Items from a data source
• • • •
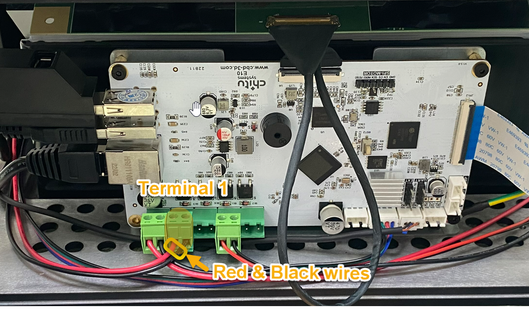 LED 連接包括三對電線。一對連接到主板,另外兩對連接到 LED 驅動板。即 Terminal 1 是主板上離左邊第二個的端子塊,而 Terminal 2 和 Terminal 3 位於打印機背面的 LED 驅動板上。
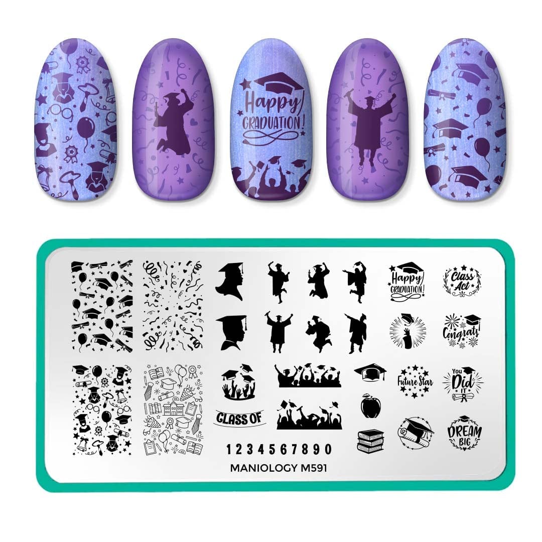 From finals to fingertips—you nailed it! Graduation is your glow-up moment—and your nails should be ready to celebrate. Wear your moment proud and celebrate the milestone with our Happy Graduates stamping plate. Featuring a lineup of festive graduation designs including proud graduate silhouettes, flying caps, diploma scrolls, party confetti, plus celebratory phrases, and even a full set of customizable class year numbers so you can stamp the year loud and proud! This plate is all about that proud, polished, ready-for-the-world energy. Stamp it. Flaunt it. And don’t forget to toss that cap with perfectly polished hands.
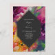 A pintura de óleo de casamento botânico inspirou design com flores verdes e multicoloridas. Texto branco sobre a design geométrica da cinza escura no centro.
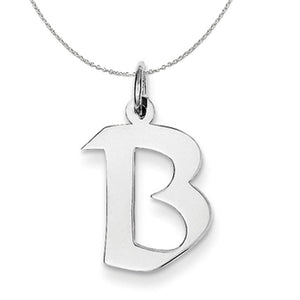 Initial attraction in an artisan block design fashioned from polished sterling silver. Each upper case letter is approximately 15mm (9/16 inch) in length and dangles from a classic jump ring that will fit up to a 3mm width chain. Includes a 1.25mm, 20 inch sterling silver cable chain.
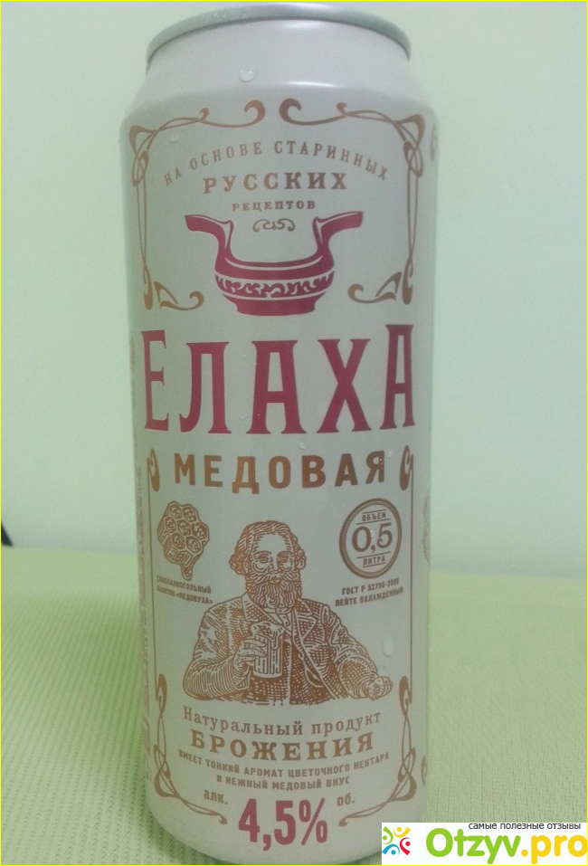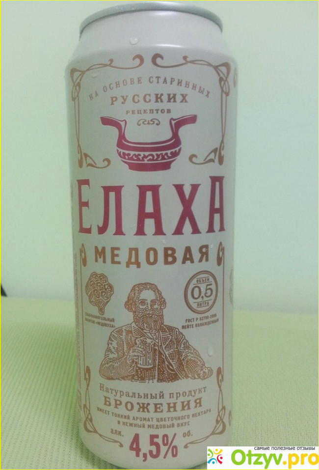 Как-то раз, когда я выбирал пиво в магазине "Красное и белое", мне на глаза попалась жестяная тара объёмом в половину литра, на которой красовалось название: "Елаха медовая" и рядом был нарисован русский мужичок с бородой и деревянной большой кружкой в руках! Меня поманило к себе слово "медовая", ведь подразумевало в себе что-то сладкое! Напиток оказался не столь дорогим, в пятьдесят четыре рубля, так что, такие деньги, на мой взгляд, вполне оправдывали качество этого напитка!
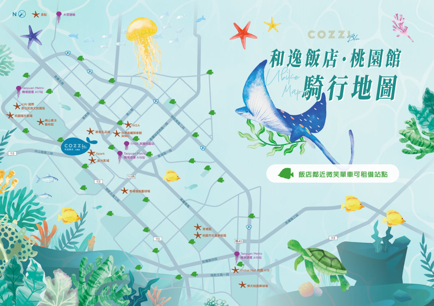 出了 COZZI Blu 和逸飯店・桃園館後,步行約1分鐘即可抵達位於置地廣場桃園 (新光影城對側)最近的Youbike租賃站。
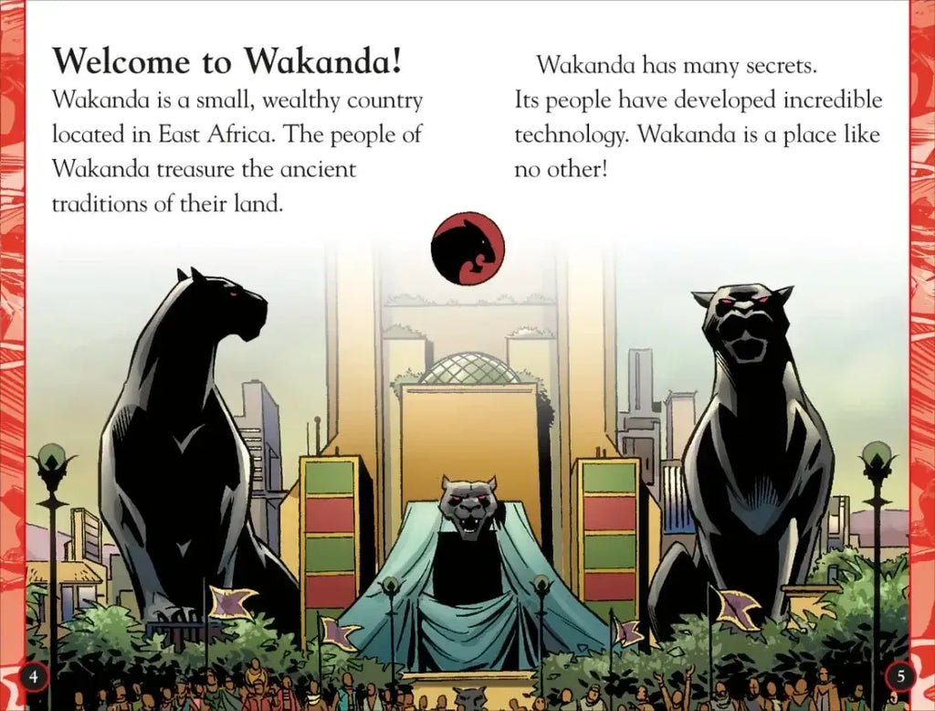 Explore Black Panther's mighty Kingdom of Wakanda, the most advanced country on Earth! Meet Black Panther's friends and allies, including his brainy sister Shuri, and his brave bodyguards - the Dora Milaje.
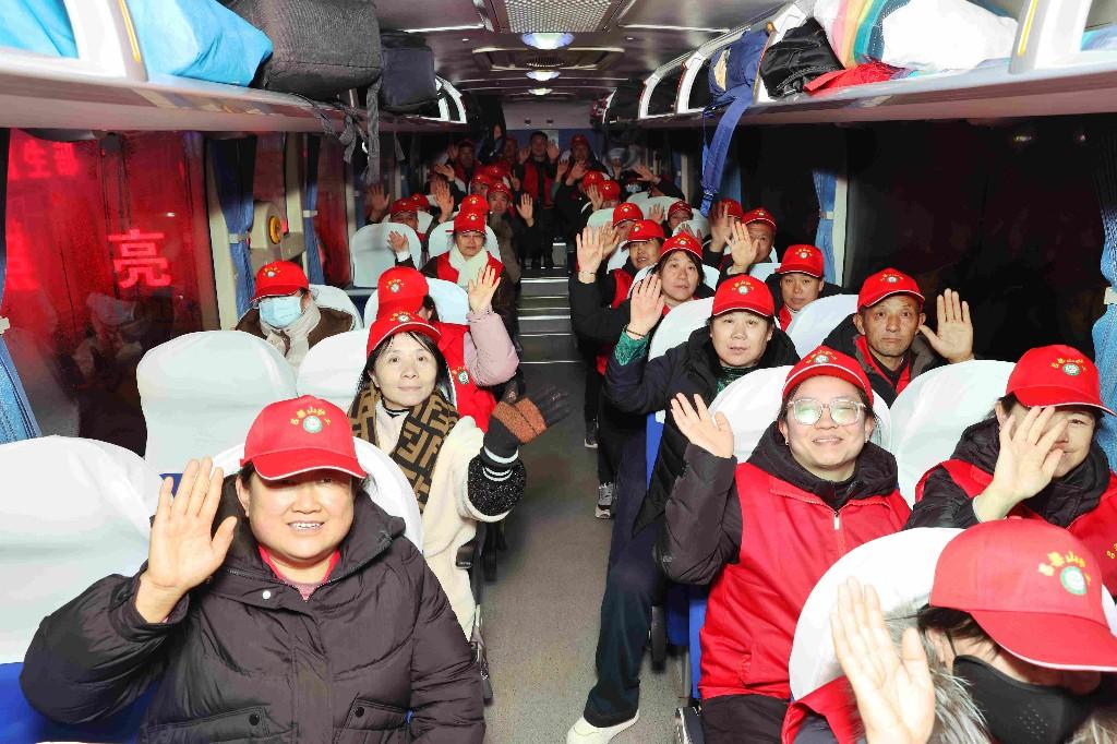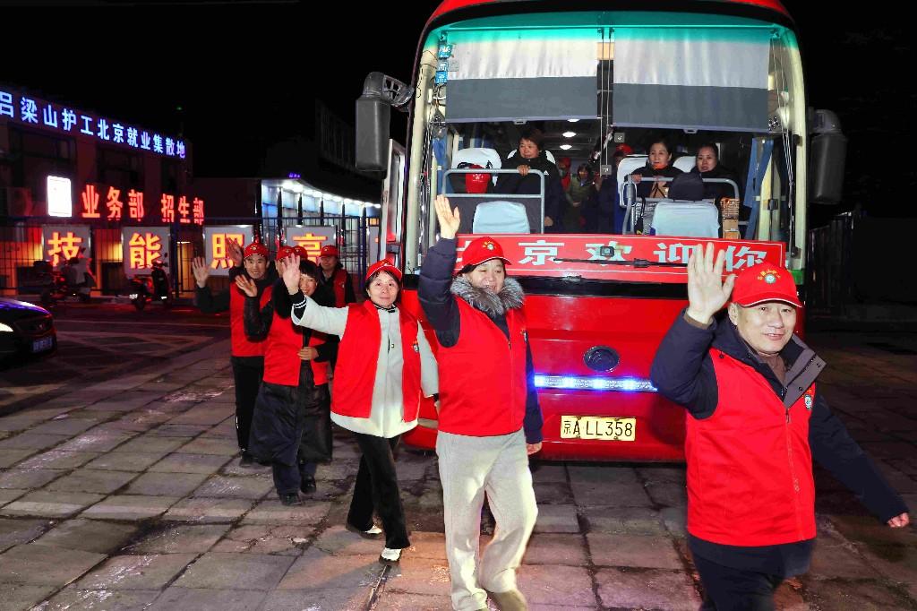 ▲2026年首批“吕梁山护工”乘坐专车前往北京
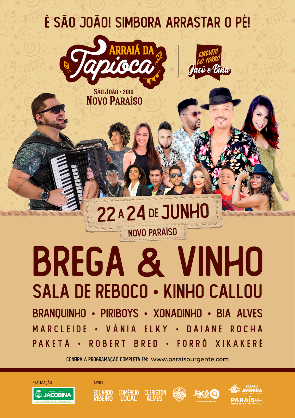 Apoio Eduardo Ribeiro, Comércio Local, Cleriston Alves, Maraca Produções, Padaria Avenida e sites Paraíso Urgente e Jacó Sabe Tudo!
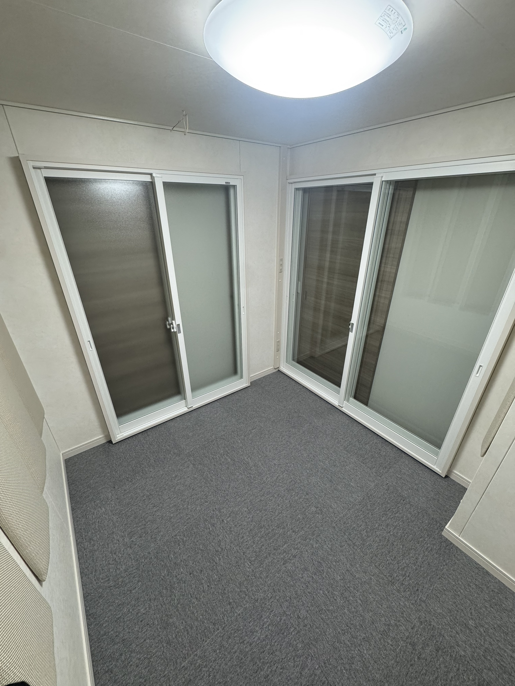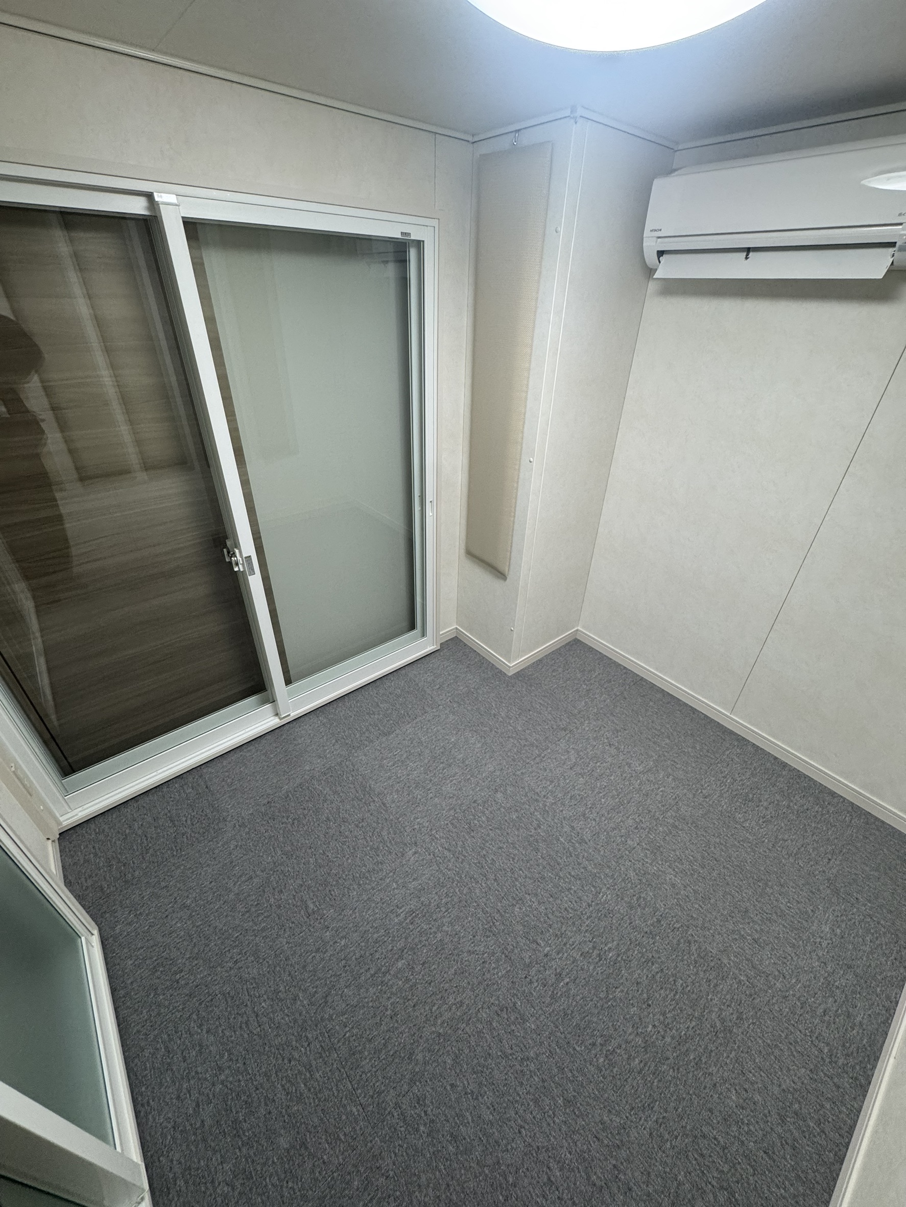 防音ドアとテラスサッシ(Lサイズ)とテラスサッシ(Mサイズ)仕様。テラシサッシ(すりガラス仕様)にする事で収納スペースへのアクセスも可能に!
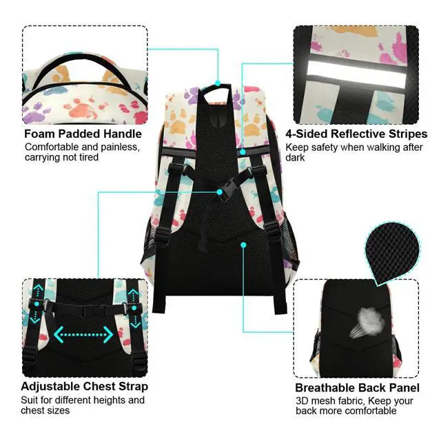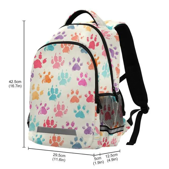 ALAZA Colorful Dog Paw Print Vinatge Backpacks Travel Laptop Daypack School Book Bag for Men Women Teens Kids
• • • •
[Task requirements] Please copy the data shown above precisely, leaving the images out.

[Response area]
 LED 連接包括三對電線。一對連接到主板,另外兩對連接到 LED 驅動板。即 Terminal 1 是主板上離左邊第二個的端子塊,而 Terminal 2 和 Terminal 3 位於打印機背面的 LED 驅動板上。
 From finals to fingertips—you nailed it! Graduation is your glow-up moment—and your nails should be ready to celebrate. Wear your moment proud and celebrate the milestone with our Happy Graduates stamping plate. Featuring a lineup of festive graduation designs including proud graduate silhouettes, flying caps, diploma scrolls, party confetti, plus celebratory phrases, and even a full set of customizable class year numbers so you can stamp the year loud and proud! This plate is all about that proud, polished, ready-for-the-world energy. Stamp it. Flaunt it. And don’t forget to toss that cap with perfectly polished hands.
 A pintura de óleo de casamento botânico inspirou design com flores verdes e multicoloridas. Texto branco sobre a design geométrica da cinza escura no centro.
 Initial attraction in an artisan block design fashioned from polished sterling silver. Each upper case letter is approximately 15mm (9/16 inch) in length and dangles from a classic jump ring that will fit up to a 3mm width chain. Includes a 1.25mm, 20 inch sterling silver cable chain.
 Как-то раз, когда я выбирал пиво в магазине "Красное и белое", мне на глаза попалась жестяная тара объёмом в половину литра, на которой красовалось название: "Елаха медовая" и рядом был нарисован русский мужичок с бородой и деревянной большой кружкой в руках! Меня поманило к себе слово "медовая", ведь подразумевало в себе что-то сладкое! Напиток оказался не столь дорогим, в пятьдесят четыре рубля, так что, такие деньги, на мой взгляд, вполне оправдывали качество этого напитка!
 出了 COZZI Blu 和逸飯店・桃園館後,步行約1分鐘即可抵達位於置地廣場桃園 (新光影城對側)最近的Youbike租賃站。
 Explore Black Panther's mighty Kingdom of Wakanda, the most advanced country on Earth! Meet Black Panther's friends and allies, including his brainy sister Shuri, and his brave bodyguards - the Dora Milaje.
 ▲2026年首批“吕梁山护工”乘坐专车前往北京
 Apoio Eduardo Ribeiro, Comércio Local, Cleriston Alves, Maraca Produções, Padaria Avenida e sites Paraíso Urgente e Jacó Sabe Tudo!
 防音ドアとテラスサッシ(Lサイズ)とテラスサッシ(Mサイズ)仕様。テラシサッシ(すりガラス仕様)にする事で収納スペースへのアクセスも可能に!
 ALAZA Colorful Dog Paw Print Vinatge Backpacks Travel Laptop Daypack School Book Bag for Men Women Teens Kids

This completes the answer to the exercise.